Build-an-X workflow that produces a PII masking pipeline spec from a source-data inventory. Walks the author through (1) classifying each field against pii-categories-reference, (2) picking a masking operator from data-masking-techniques-reference, (3) deciding pseudonymisation (reversible, in GDPR scope) vs anonymisation (irreversible, out of scope), (4) ordering the pipeline (detect → operator → audit), and (5) emitting a deployable config for Presidio + Faker + Synthea wrappers. Output is a YAML pipeline spec plus a per-field rationale table. Use after classifying a dataset's PII risk; this is the workflow that translates classification into runnable masking config.

presidio-pii-detection

Author and run Microsoft Presidio PII detection - wraps presidio-analyzer (PII detector) + presidio-anonymizer (replace/redact/mask/hash/encrypt operators) for scanning datasets, log streams, and free-text fields. Covers AnalyzerEngine + AnonymizerEngine setup, built-in recognizers (PERSON, EMAIL_ADDRESS, CREDIT_CARD, US_SSN, IBAN_CODE, country-specific IDs across US/UK/Spain/Italy/Poland/Singapore/Australia/India and more), custom PatternRecognizer authoring, score thresholds, and CI gating. Use when scanning *existing* data for PII (vs synthesising fresh fixtures with synthetic-pii-generator).

synthea-healthcare-data

Author and run Synthea (MITRE's open-source synthetic patient population simulator) to produce HIPAA-safe synthetic medical records for testing health IT systems. Covers Gradle build, population-size and state-specific generation, FHIR R4 / STU3 / DSTU2 / C-CDA / CSV / CPCDS output formats, disease-module customisation, and the lifecycle-simulation approach (birth-through-death patient journeys with realistic demographics). Use when testing FHIR servers, EHR integrations, claims processing, or any health IT system that needs realistic patient records without HIPAA exposure (distinct from faker-synthetic-data which is generic; this is health-domain-specific).

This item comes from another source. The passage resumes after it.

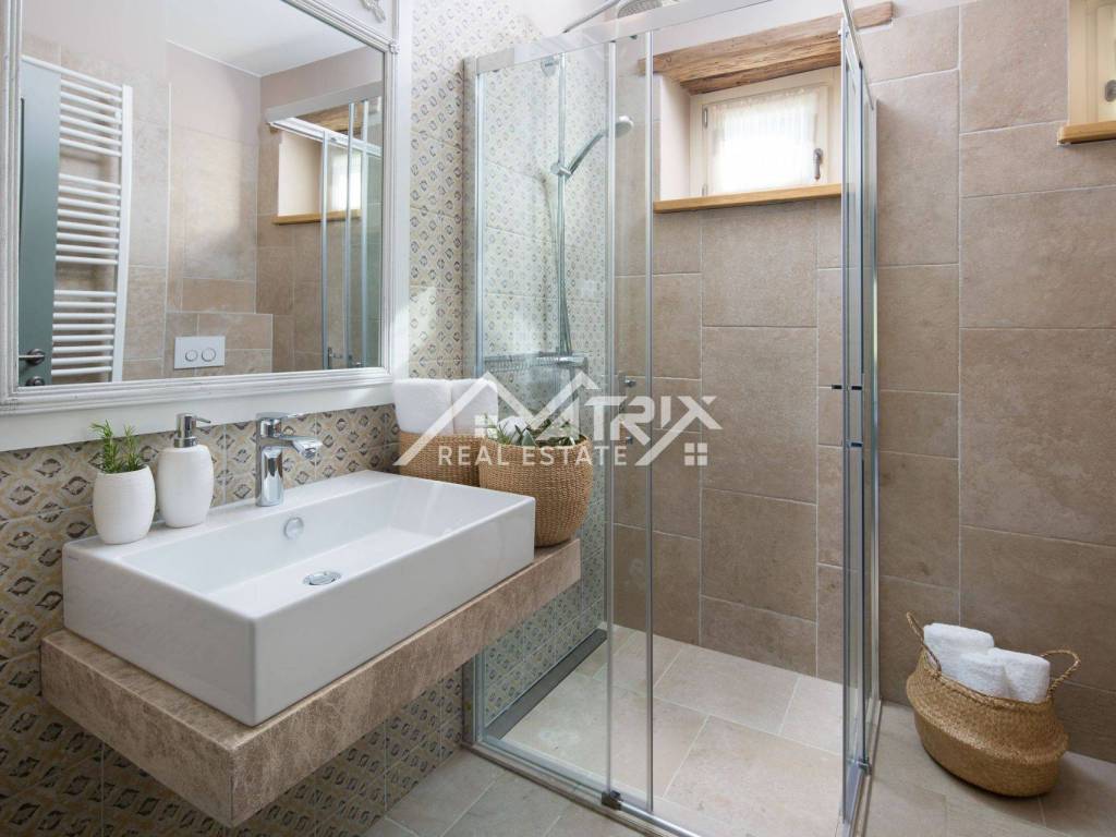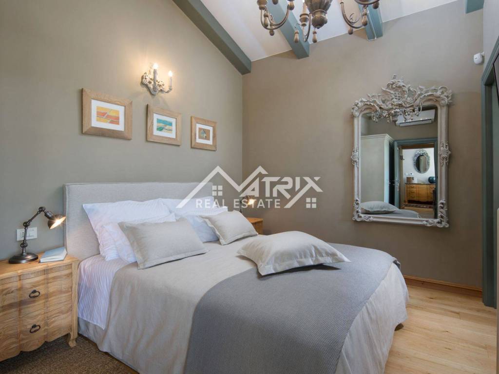 Im Obergeschoss befinden sich drei große Schlafzimmer mit jeweils eigenem Bad. Zwei Schlafzimmer haben Zugang zu einer eigenen Terrasse mit freiem Blick auf das Meer, die Natur und die Stadt Rovinj.

test-data-governance-reference

Pure-reference catalog of test-data lifecycle governance: retention schedules for test datasets, cross-environment data-sharing agreements, deletion of test data containing real PII, refresh cadence, access controls, and the legal basis for each policy under GDPR Art. 5 storage limitation and NIST SP 800-122. Use when defining a data-steward role for test environments, authoring a retention policy for a test database, scoping a data-sharing agreement before promoting a dataset from production to staging, or determining the deletion timeline for any test fixture that contains live personal data.